**Data for this task:**
»»

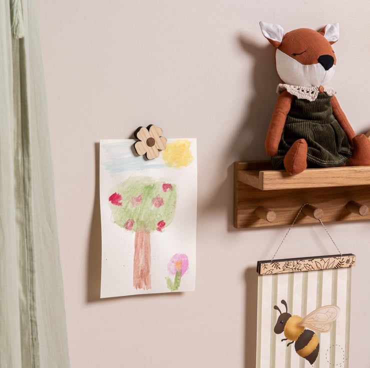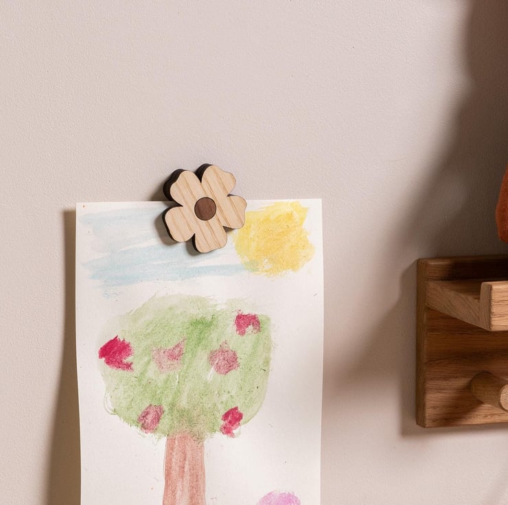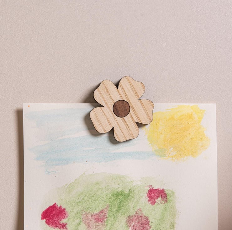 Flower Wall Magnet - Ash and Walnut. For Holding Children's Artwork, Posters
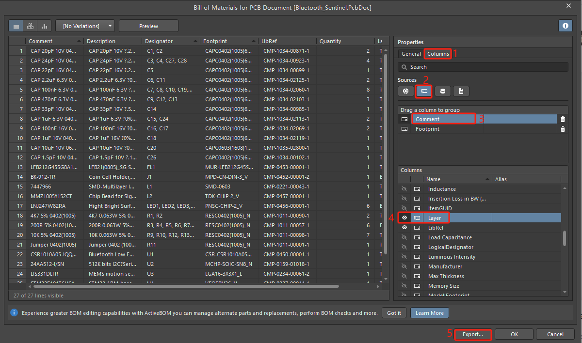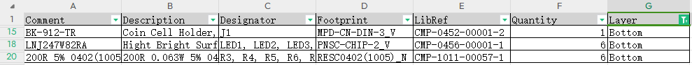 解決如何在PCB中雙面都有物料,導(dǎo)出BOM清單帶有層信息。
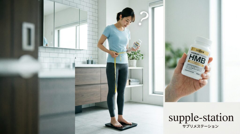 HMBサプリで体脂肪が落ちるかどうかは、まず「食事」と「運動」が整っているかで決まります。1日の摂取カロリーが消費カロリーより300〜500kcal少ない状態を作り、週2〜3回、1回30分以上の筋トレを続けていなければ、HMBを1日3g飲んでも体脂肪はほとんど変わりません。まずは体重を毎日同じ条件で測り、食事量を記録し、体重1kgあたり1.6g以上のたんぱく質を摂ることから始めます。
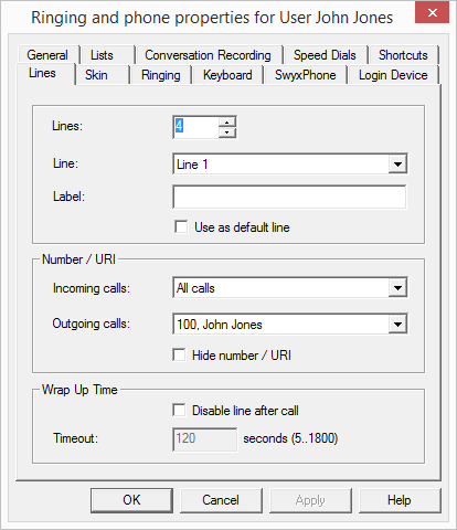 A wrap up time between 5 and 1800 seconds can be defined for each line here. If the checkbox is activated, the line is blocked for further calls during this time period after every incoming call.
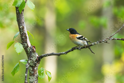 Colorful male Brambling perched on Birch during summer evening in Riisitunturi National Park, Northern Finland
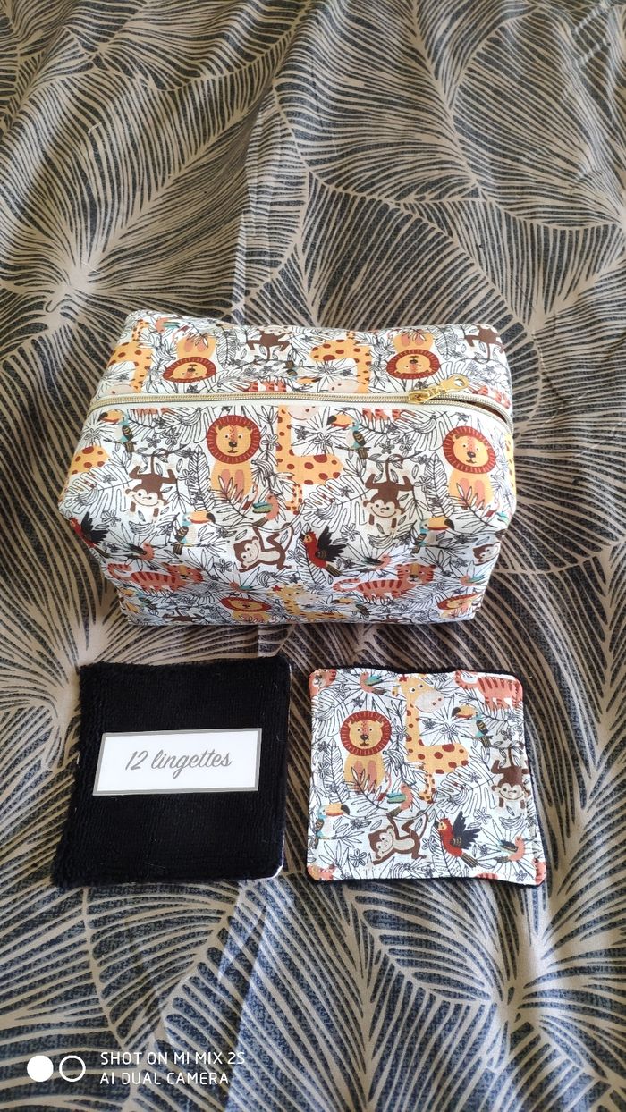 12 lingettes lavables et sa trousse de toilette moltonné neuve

««
»»

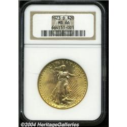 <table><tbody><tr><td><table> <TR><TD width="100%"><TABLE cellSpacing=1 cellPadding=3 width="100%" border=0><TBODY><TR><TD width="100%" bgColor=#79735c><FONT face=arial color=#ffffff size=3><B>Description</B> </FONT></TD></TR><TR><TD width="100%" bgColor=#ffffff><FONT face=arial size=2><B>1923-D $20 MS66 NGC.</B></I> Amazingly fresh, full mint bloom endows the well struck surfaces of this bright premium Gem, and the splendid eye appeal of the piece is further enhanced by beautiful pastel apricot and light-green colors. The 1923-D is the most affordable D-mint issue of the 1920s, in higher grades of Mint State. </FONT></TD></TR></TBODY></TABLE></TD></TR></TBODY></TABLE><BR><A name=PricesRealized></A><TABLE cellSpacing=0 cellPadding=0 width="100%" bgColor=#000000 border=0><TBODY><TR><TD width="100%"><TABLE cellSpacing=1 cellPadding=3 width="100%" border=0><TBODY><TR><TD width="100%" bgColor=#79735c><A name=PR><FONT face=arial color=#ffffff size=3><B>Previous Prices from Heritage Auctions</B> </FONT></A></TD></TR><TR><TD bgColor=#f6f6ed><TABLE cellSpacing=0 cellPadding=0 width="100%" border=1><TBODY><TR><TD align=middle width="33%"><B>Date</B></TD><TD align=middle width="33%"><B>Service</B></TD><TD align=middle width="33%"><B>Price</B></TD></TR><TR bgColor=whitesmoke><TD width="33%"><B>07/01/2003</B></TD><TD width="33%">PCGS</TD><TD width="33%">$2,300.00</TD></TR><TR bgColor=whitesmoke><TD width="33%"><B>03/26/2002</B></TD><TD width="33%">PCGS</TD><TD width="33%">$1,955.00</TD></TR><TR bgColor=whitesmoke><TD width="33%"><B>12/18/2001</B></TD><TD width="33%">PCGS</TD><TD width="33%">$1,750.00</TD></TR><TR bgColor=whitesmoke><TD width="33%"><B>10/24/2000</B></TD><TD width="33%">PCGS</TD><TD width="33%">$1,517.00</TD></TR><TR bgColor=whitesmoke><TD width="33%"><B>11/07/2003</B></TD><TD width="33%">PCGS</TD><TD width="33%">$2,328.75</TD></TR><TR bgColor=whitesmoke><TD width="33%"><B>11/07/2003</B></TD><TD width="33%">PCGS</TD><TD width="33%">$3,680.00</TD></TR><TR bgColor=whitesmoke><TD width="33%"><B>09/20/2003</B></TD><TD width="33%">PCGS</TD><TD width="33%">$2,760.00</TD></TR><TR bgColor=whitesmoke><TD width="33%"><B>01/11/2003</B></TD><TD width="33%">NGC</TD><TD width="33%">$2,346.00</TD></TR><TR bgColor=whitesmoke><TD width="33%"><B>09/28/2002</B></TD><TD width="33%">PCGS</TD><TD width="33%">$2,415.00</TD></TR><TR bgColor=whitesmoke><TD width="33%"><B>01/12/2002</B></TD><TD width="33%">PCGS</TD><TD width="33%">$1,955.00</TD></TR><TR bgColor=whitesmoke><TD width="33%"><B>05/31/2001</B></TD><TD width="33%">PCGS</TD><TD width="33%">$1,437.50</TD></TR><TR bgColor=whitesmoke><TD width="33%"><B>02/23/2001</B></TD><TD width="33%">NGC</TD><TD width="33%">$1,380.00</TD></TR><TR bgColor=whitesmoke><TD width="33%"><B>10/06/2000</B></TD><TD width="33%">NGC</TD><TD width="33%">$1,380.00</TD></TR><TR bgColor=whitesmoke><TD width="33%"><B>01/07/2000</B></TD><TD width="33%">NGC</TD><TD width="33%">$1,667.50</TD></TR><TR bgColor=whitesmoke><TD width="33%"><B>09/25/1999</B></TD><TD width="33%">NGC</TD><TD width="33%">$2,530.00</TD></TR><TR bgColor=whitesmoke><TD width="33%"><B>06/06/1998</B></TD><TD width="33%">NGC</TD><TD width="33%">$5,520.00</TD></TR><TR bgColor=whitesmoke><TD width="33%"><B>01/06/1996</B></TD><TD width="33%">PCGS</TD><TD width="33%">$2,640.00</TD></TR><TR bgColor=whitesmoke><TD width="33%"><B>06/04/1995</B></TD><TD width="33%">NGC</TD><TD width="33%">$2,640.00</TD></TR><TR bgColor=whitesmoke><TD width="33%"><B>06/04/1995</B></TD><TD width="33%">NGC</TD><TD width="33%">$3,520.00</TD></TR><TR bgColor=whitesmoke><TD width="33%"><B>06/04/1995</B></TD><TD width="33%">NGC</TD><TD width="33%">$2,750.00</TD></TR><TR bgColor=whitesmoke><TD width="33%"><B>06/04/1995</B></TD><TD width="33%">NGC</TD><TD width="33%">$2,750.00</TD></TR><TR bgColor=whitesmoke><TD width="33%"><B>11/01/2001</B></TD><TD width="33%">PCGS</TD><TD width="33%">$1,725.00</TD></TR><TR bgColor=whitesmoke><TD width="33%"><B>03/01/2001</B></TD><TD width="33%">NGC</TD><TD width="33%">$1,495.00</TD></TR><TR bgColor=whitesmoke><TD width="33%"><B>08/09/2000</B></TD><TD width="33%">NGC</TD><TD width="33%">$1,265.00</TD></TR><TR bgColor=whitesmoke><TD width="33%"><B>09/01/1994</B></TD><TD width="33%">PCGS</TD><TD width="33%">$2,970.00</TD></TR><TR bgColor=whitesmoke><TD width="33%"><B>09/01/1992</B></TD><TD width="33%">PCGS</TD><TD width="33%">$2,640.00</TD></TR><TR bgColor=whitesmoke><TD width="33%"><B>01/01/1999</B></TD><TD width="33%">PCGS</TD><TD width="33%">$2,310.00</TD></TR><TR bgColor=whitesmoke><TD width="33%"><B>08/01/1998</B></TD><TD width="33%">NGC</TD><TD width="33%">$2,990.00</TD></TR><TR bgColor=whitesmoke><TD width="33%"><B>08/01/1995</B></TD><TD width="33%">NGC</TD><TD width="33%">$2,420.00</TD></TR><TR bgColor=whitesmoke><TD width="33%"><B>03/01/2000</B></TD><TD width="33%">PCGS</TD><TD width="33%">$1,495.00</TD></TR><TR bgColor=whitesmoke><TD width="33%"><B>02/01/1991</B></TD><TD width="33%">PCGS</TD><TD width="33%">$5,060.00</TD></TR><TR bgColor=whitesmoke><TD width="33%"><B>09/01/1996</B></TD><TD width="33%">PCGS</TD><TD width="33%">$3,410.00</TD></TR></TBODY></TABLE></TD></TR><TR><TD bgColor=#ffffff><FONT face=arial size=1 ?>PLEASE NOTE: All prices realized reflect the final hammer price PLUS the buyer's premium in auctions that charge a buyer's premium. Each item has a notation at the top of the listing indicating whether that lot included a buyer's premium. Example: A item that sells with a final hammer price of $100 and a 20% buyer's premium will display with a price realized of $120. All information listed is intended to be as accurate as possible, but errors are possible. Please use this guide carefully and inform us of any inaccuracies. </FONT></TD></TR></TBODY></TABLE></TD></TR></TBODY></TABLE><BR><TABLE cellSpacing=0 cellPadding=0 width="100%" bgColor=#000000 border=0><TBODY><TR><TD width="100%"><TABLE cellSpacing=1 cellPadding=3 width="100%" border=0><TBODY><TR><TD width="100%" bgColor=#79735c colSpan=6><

««
»»

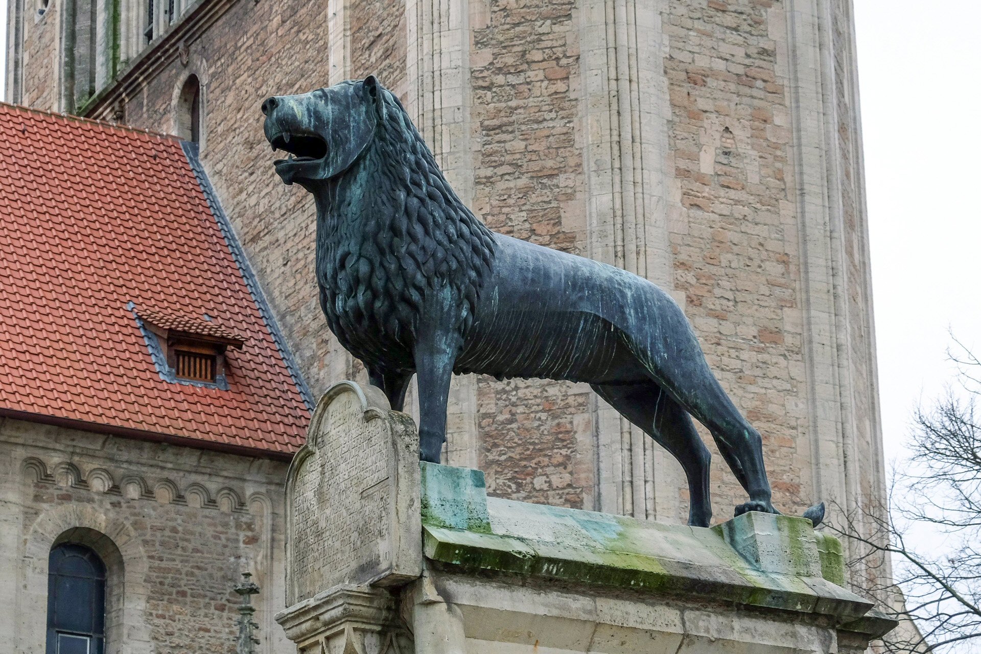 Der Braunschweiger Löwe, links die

««

**Task brief:** In the data above, start at the line holding "HMBサプリで体脂肪が落ちる" and stop after the line holding "12 lingettes lavables"; write out those lines exactly, without pictures.

**Answer box:**
 HMBサプリで体脂肪が落ちるかどうかは、まず「食事」と「運動」が整っているかで決まります。1日の摂取カロリーが消費カロリーより300〜500kcal少ない状態を作り、週2〜3回、1回30分以上の筋トレを続けていなければ、HMBを1日3g飲んでも体脂肪はほとんど変わりません。まずは体重を毎日同じ条件で測り、食事量を記録し、体重1kgあたり1.6g以上のたんぱく質を摂ることから始めます。
 A wrap up time between 5 and 1800 seconds can be defined for each line here. If the checkbox is activated, the line is blocked for further calls during this time period after every incoming call.
 Colorful male Brambling perched on Birch during summer evening in Riisitunturi National Park, Northern Finland
 12 lingettes lavables et sa trousse de toilette moltonné neuve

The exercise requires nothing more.